DeepMind, the machine learning laboratory supported by Alphabet chess go, Starcraft 2, The revenge of Montezuma, and beyond, believes that the Diplomacy board game could motivate a promising new direction in reinforcement learning research. In one paper Published on the preprint server Arxiv.org, the firm’s researchers describe an AI system that achieves high diplomacy scores while producing “consistent improvements”.
AI systems have achieved solid competitive play in complex large-scale games like Hex, shogi, and poker, but most of them are two-player zero-sum games where a player can only win by causing another player to lose. This does not necessarily reflect the real world; tasks such as planning congestion routes, negotiating contracts and interacting with customers all involve compromise and taking into account how group members’ preferences coincide and conflict. Even when AI software agents are interested, they can benefit from coordinating and cooperating, so interaction between various groups requires complex reasoning about the goals and motivations of others.
The Diplomacy game forces these interactions by instructing seven players to control multiple units on a province-wide map of Europe. Each turn, all players move all their units simultaneously to one of the 34 provinces, and one unit can support another unit belonging to the same player or another to allow it to overcome the resistance of other units. (Alternatively, units – which have equal strength – can hold a province or move to an adjacent space.) Provinces are supply centers, and units capture supply centers by occupying the province. Having more supply centers allows a player to build more units, and the game is won by owning the majority of supply centers.
Due to the interdependencies between units, players must negotiate the movements of their own units.
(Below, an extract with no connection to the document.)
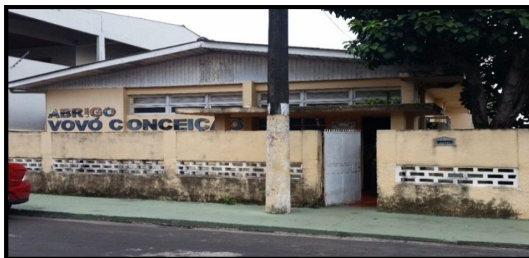
Figura 01: Frente do Abrigo Vovó Conceição

A referida pesquisa de campo, realizada durante a disciplina Criança, Sociedade e Cultura com acadêmicos do 6º período do curso de Licenciatura em Pedagogia do CESP-UEA, foi desenvolvida no Abrigo Municipal Vovó Conceição (FIGURA 01), localizado no município de Parintins-AM. O Abrigo surgiu mediante a necessidade de se ter um local na cidade de Parintins que oferecesse o serviço de acolhimento provisório para crianças e adolescentes vítimas de abandono, abuso sexual, espancamento e qualquer outro tipo de violação de seus direitos.

They have everything to gain by coordinating their movements with those of other players, and they must anticipate how other players will act and reflect these expectations in their actions.
“We are proposing to use games like Diplomacy to study the emergence and detection of manipulative behavior … to ensure that we know how to mitigate such behavior in real applications,” wrote the co-authors. “Research on diplomacy could pave the way for the creation of artificial agents capable of cooperating successfully with others, in particular by dealing with the difficult questions that arise concerning the establishment and maintenance of trust and alliances.” “
DeepMind has focused on the “pressless” variant of Diplomacy, where no explicit communication is allowed. He trained reinforcement learning agents – agents who take action to maximize a reward – using an approach called Sampled Best Responses (SBR), which managed the large number of actions (10⁶⁴) that players can to undertake in diplomacy, with a technique of iteration of policy which approaches the best responses to the actions of the players as well as to the fictitious game.
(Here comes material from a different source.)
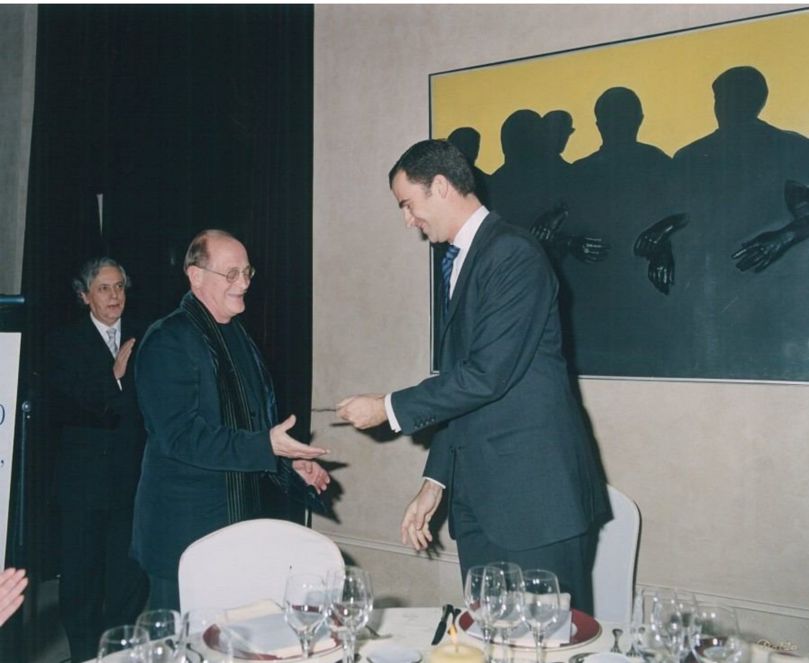
SAR El Príncipe de Asturias Don Felipe de Borbón entrega el galardón a Antonio Tabucchi

El Premio fue entregado el 12 de noviembre de 2004 por SAR los Príncipes de Asturias, Don Felipe y Doña Letizia.

At each iteration, the DeepMind system creates a set of game data, with actions chosen by a module called an improvement operator that uses a previous strategy (policy) and value function to find a policy that defeats the previous policy . It then forms the policy and value functions to predict the actions that the improvement operator will choose as well as the results of the game.
The aforementioned SBR identifies policies that maximize the expected return for agents of the system against the policies of adversaries. SBR is coupled with Best Response Policy Iteration (BRPI), a family of algorithms adapted to the use of SBR in multiplayer games, the most sophisticated of which trains policies to predict only the last BR and to average Explicit historical checkpoints to provide current empirical strategy data.
To assess system performance, DeepMind measured head-to-head payout rates against six agents from different algorithms and a population of six players independently drawn from a benchmark corpus. They also considered “meta-games” between the control points of a training race to test constant improvement and examined the exploitability (the margin by which an opponent would defeat a population of agents) of agents. Game.
System win rates weren’t particularly high – on average across five seeds in each game, they ranged from 12.7% to 32.5% – but DeepMind notes that they represent a big improvement over trained agents supervised learning. Against a particular algorithm – DipNet – in a 6 to 1 game, where six of the agents were controlled by the DeepMind system, the success rates of the DeepMind agents improved steadily through training.
In future work, researchers plan to explore ways to reduce the exploitability of agents and to build agents who reason on the incentives of others, potentially through communication. “Using [reinforcement learning] to improve the game in … Diplomacy is a prerequisite for studying the complex mixed patterns and multiplayer aspects of this game … Beyond the direct impact on diplomacy, possible applications of our method include the commercial areas , economic and logistic… ability to train a basic tactical agent for diplomacy or similar games, this work also opens the way to the search for agents capable of forming alliances and using more advanced communication capacities, with other machines or with humans.